> _Action item_: Beginning with the line below that contains "Mesa didáctica de" and ending with the line that contains "Monari Cotton Sweater with Lace Insert", retype every line exactly. Pictures are not copied.

> _Extracted records_:
§ §
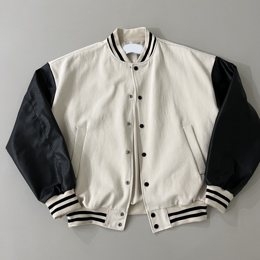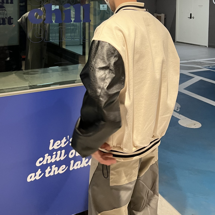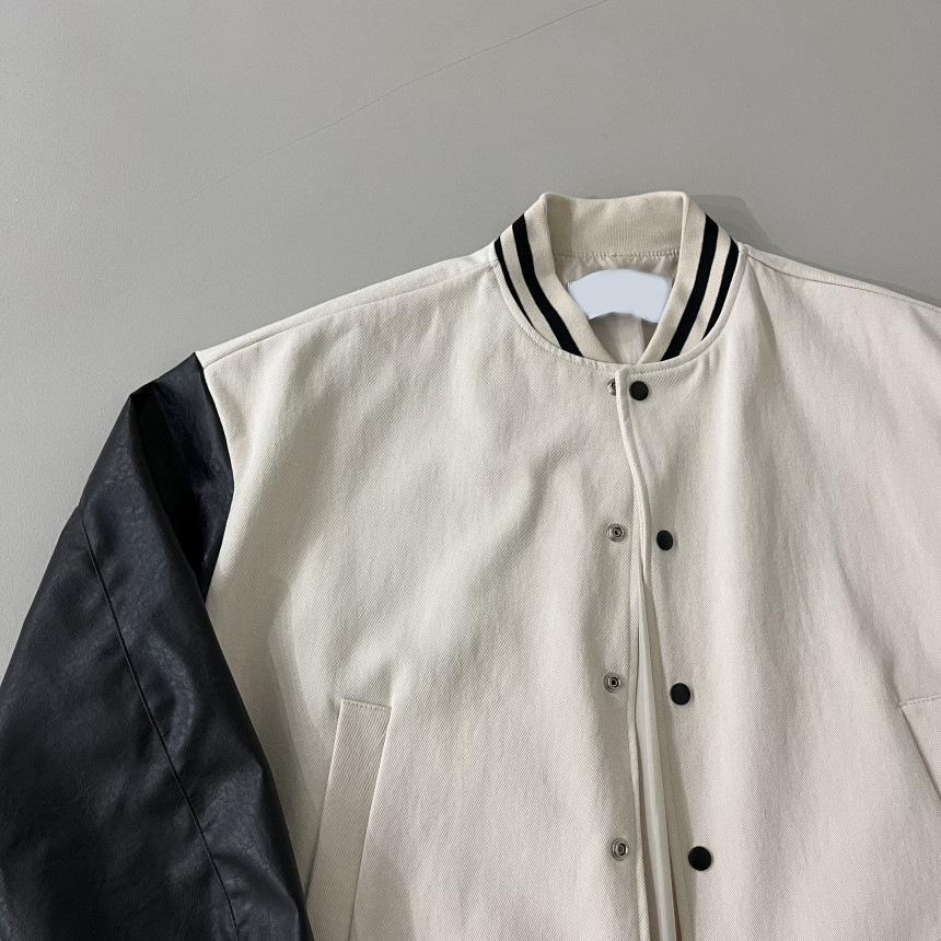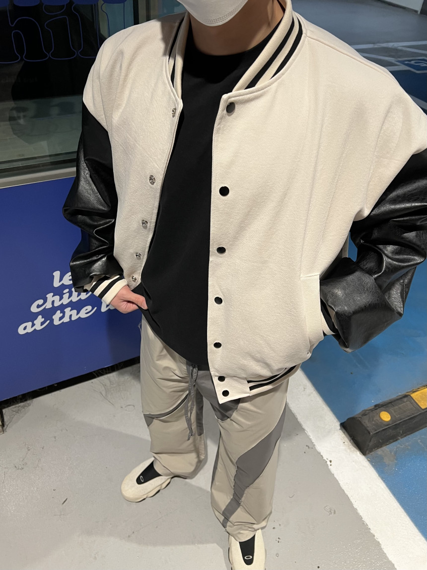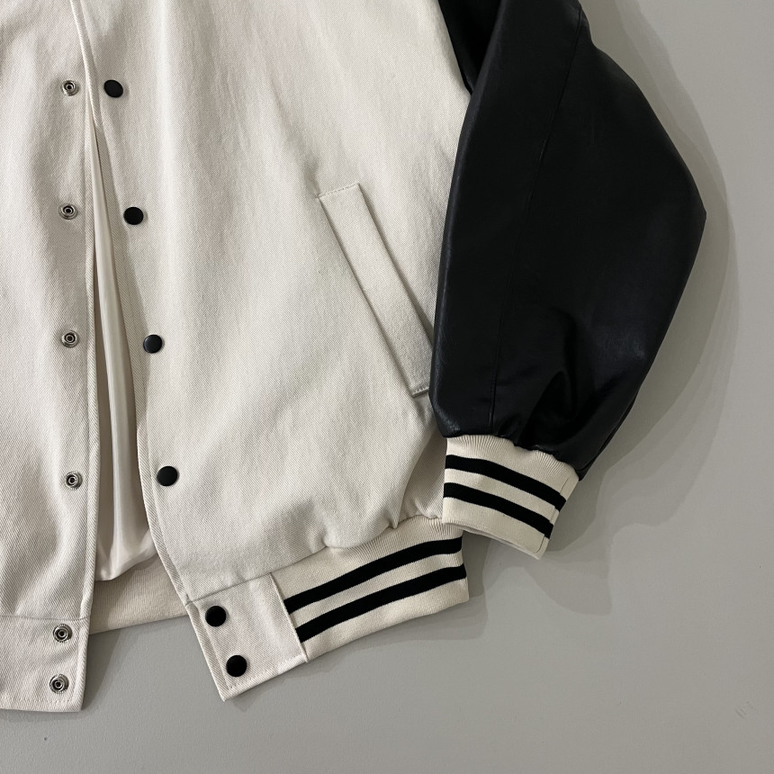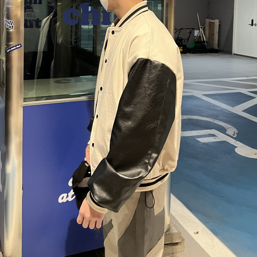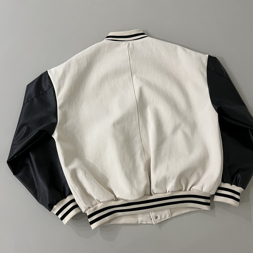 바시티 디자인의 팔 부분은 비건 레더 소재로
§ §
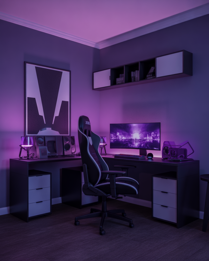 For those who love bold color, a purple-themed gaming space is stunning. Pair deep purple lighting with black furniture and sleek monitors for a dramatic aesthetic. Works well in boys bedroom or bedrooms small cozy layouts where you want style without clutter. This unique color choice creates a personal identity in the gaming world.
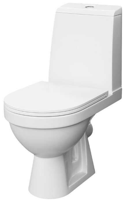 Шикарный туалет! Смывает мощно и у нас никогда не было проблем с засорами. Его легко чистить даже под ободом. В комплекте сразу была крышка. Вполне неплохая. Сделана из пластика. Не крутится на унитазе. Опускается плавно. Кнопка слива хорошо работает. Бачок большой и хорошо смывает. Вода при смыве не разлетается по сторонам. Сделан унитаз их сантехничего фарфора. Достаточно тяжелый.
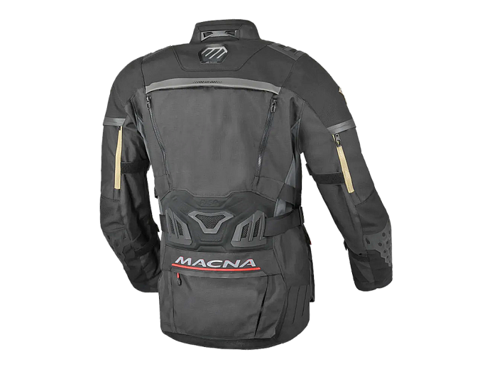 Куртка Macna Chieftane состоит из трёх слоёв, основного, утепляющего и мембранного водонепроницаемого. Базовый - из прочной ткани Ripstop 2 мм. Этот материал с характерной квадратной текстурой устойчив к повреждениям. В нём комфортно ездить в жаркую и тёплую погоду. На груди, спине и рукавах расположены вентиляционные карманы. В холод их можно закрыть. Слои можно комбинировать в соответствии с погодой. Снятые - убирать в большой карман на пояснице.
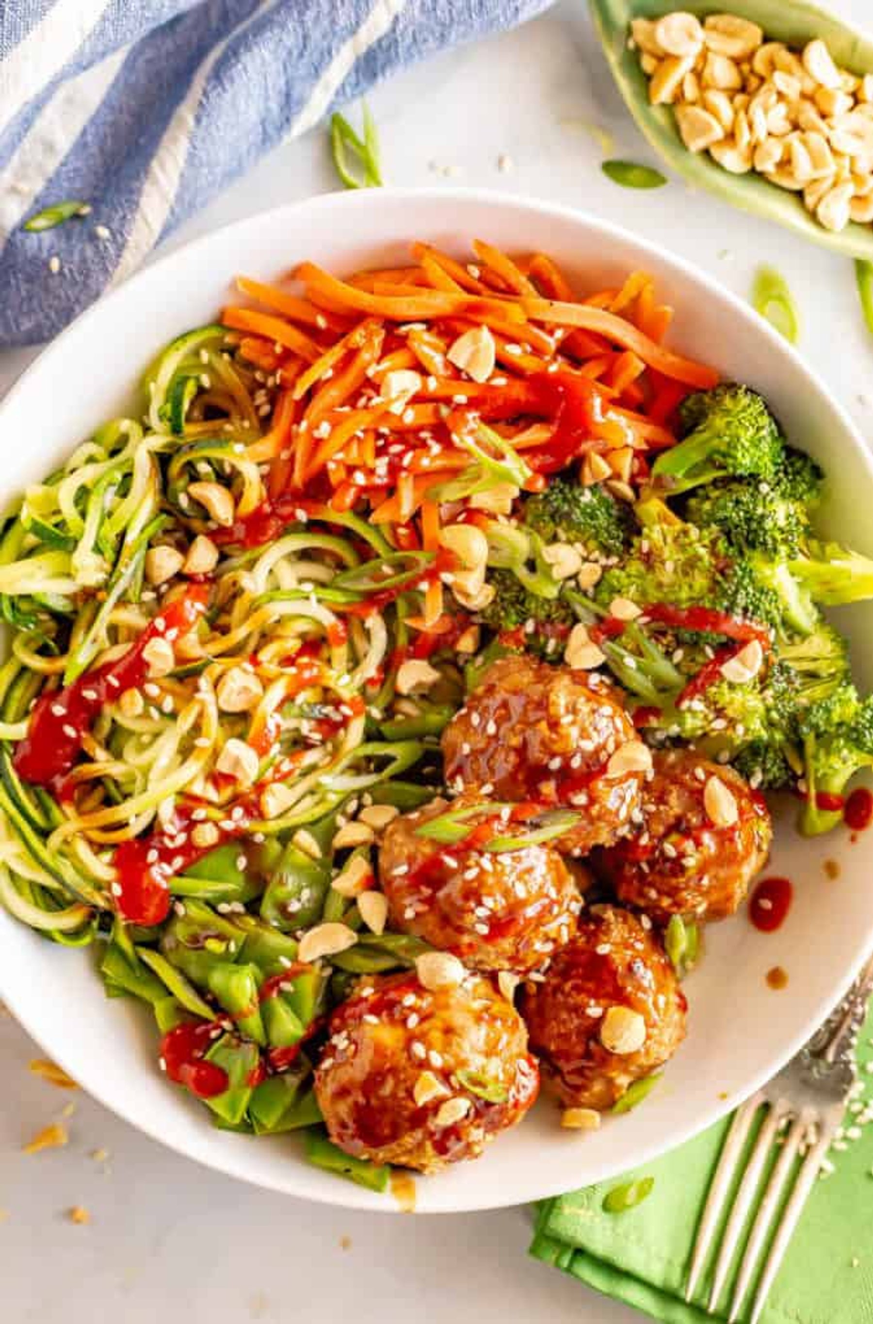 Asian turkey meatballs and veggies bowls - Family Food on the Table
§ §
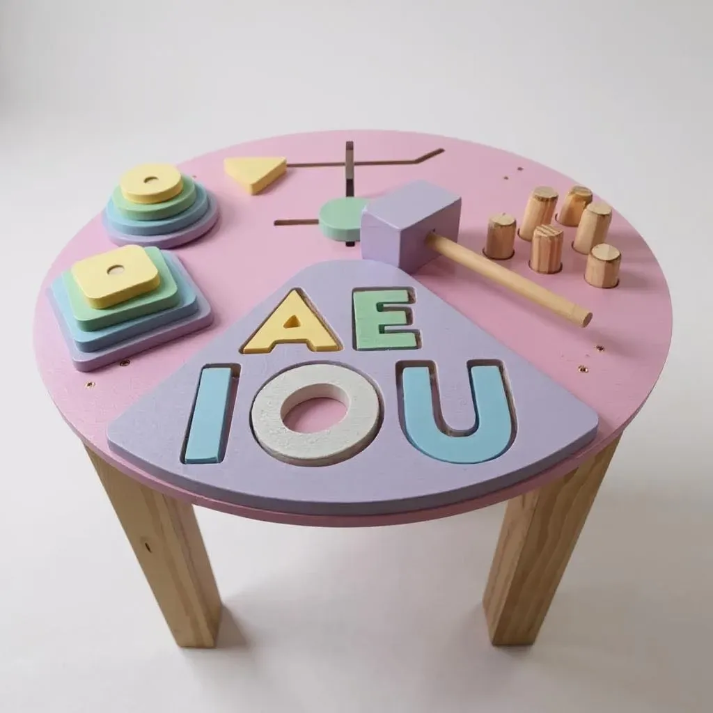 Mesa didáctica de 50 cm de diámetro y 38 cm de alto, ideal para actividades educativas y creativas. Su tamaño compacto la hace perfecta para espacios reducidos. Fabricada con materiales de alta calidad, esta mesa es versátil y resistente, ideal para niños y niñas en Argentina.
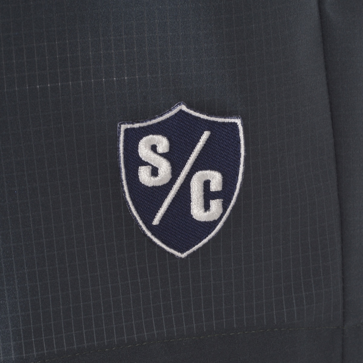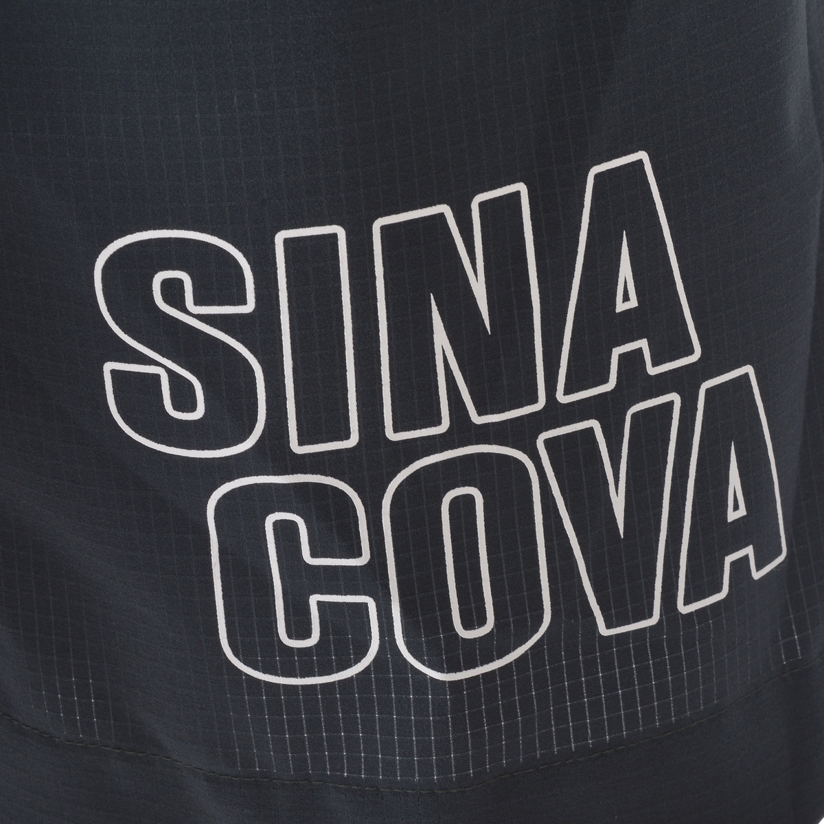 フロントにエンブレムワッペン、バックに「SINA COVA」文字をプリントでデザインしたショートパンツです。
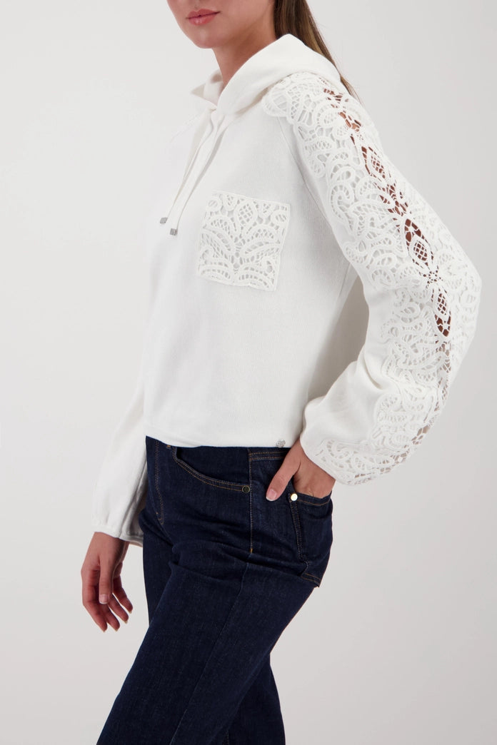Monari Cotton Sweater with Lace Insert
§ §
> _Task result_:
 Mesa didáctica de 50 cm de diámetro y 38 cm de alto, ideal para actividades educativas y creativas. Su tamaño compacto la hace perfecta para espacios reducidos. Fabricada con materiales de alta calidad, esta mesa es versátil y resistente, ideal para niños y niñas en Argentina.
 フロントにエンブレムワッペン、バックに「SINA COVA」文字をプリントでデザインしたショートパンツです。
Monari Cotton Sweater with Lace Insert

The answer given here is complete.